■ ASSIGNMENT ■
The answer must consist only of the lines in the records below from the line with "용기 충진물 교체작업 중 화재 사고" to the line with "- Carbon Credits: Annual", both included, copied word for word with every picture left out.

********************

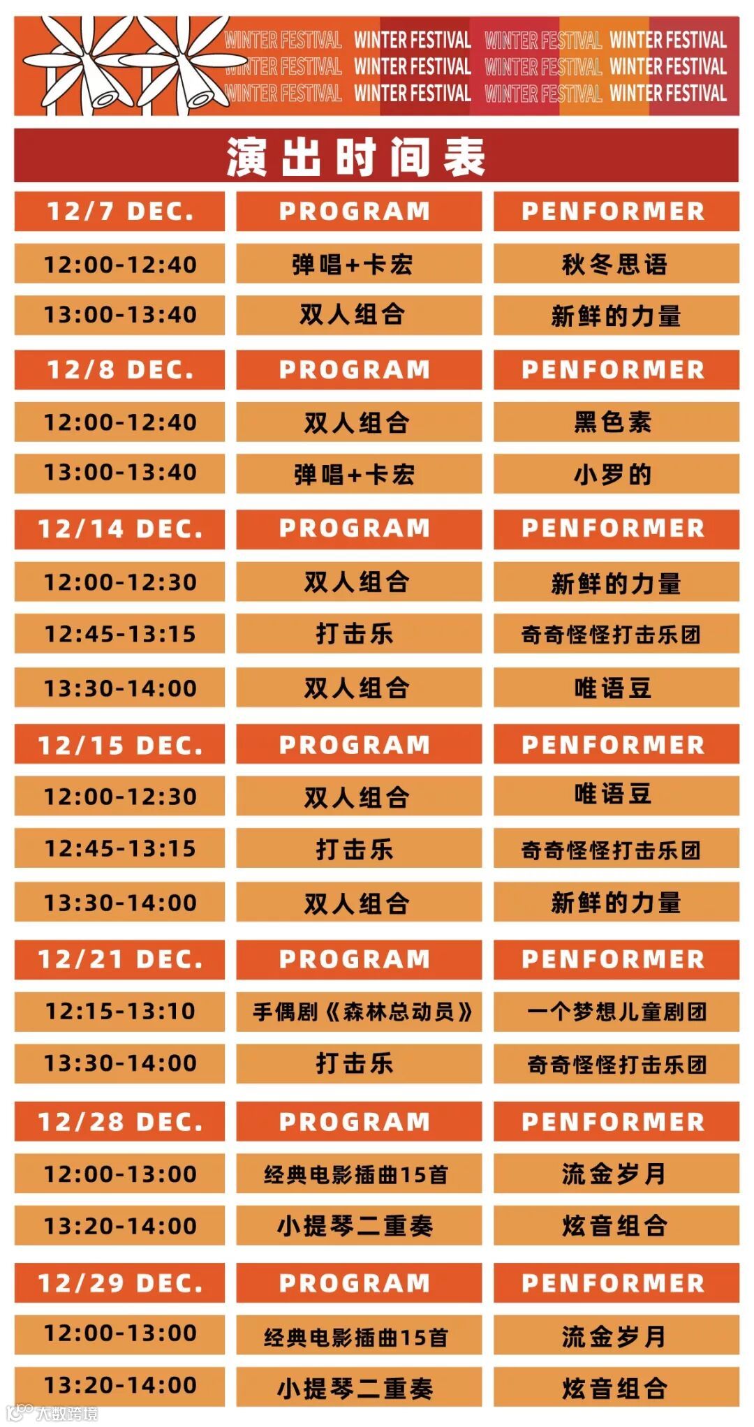 多时段暖冬、舞台演出惊喜不断,生动的即兴表演、欢快的非洲鼓演奏,还有独立乐队的弹唱加载,为橙色冬日盛会带来氛围极佳的视听派对!本周六即将开始!
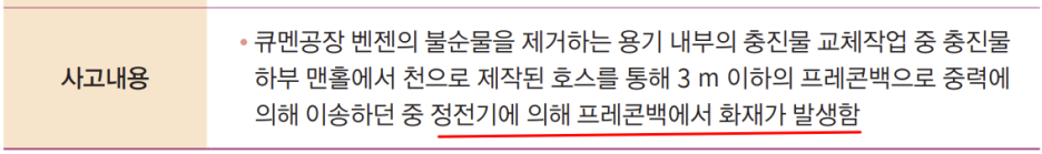 용기 충진물 교체작업 중 화재 사고
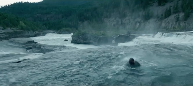 Tell us about Glass’s (DiCaprio’s) swim over the waterfall.
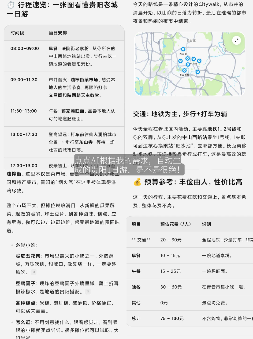 但我这J人,不做攻略出门心里又没底,怕踩雷耽误时间,就偷懒试了下📲AI点点,真的惊到我!
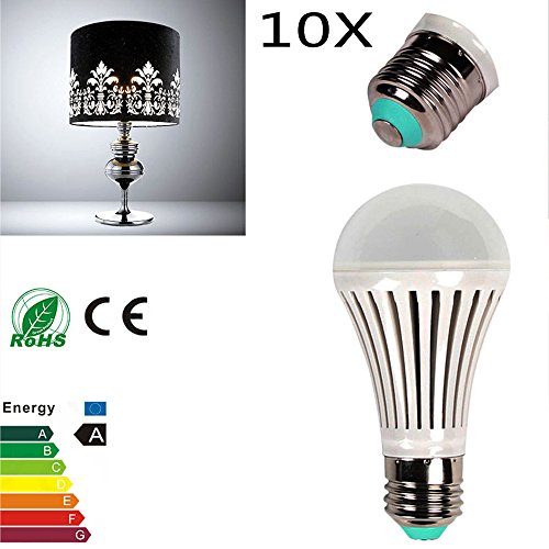 A pack of 10 x 7W LED bulbs, as bright as traditional incandescent 60W bulb, but consuming only 20% of energy
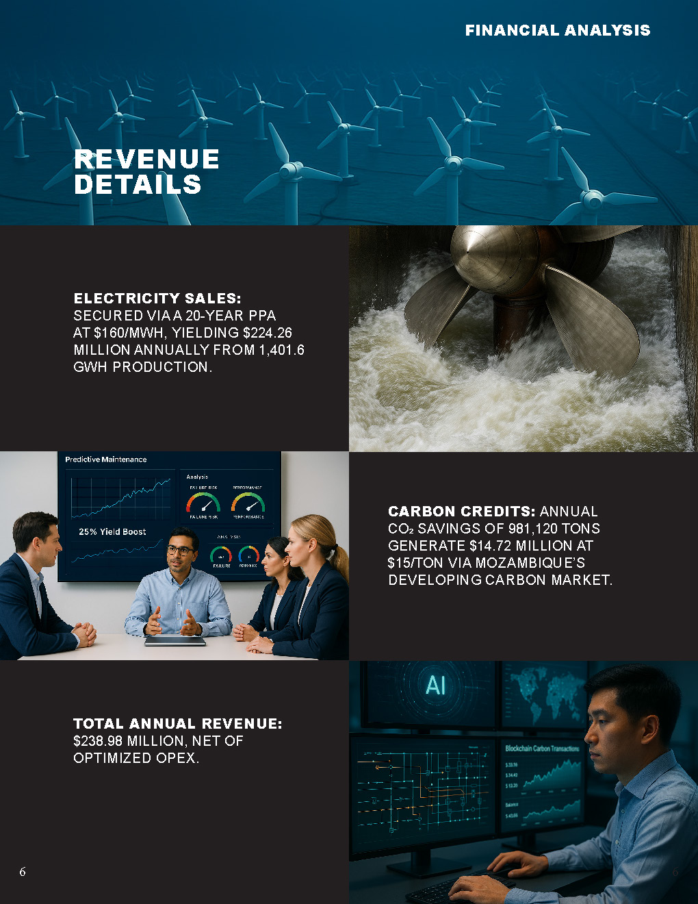 - Carbon Credits: Annual CO2 savings of 981,120 tons generate $14.72 million at $15/ton via Mozambique’s developing carbon market.
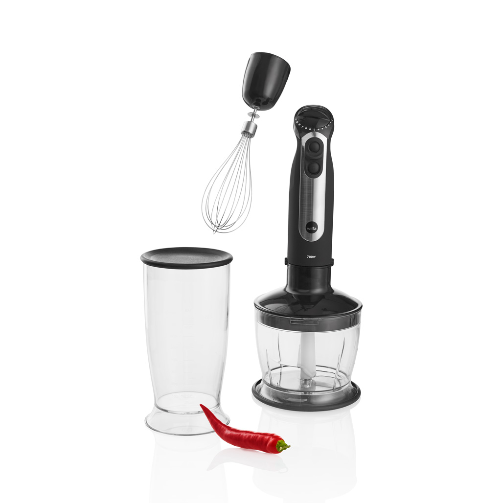 Цей універсальний прилад стане незамінним на кухні: у комплекті ви знайдете занурювальний блендер, вінчик, подрібнювач і мірну чашу з кришкою — усе для того, щоб ви могли швидко та легко готувати супи-пюре, соуси, креми, збивати вершки або навіть подрібнювати горіхи.

********************

■ TASK RESULT ■
 용기 충진물 교체작업 중 화재 사고
 Tell us about Glass’s (DiCaprio’s) swim over the waterfall.
 但我这J人,不做攻略出门心里又没底,怕踩雷耽误时间,就偷懒试了下📲AI点点,真的惊到我!
 A pack of 10 x 7W LED bulbs, as bright as traditional incandescent 60W bulb, but consuming only 20% of energy
 - Carbon Credits: Annual CO2 savings of 981,120 tons generate $14.72 million at $15/ton via Mozambique’s developing carbon market.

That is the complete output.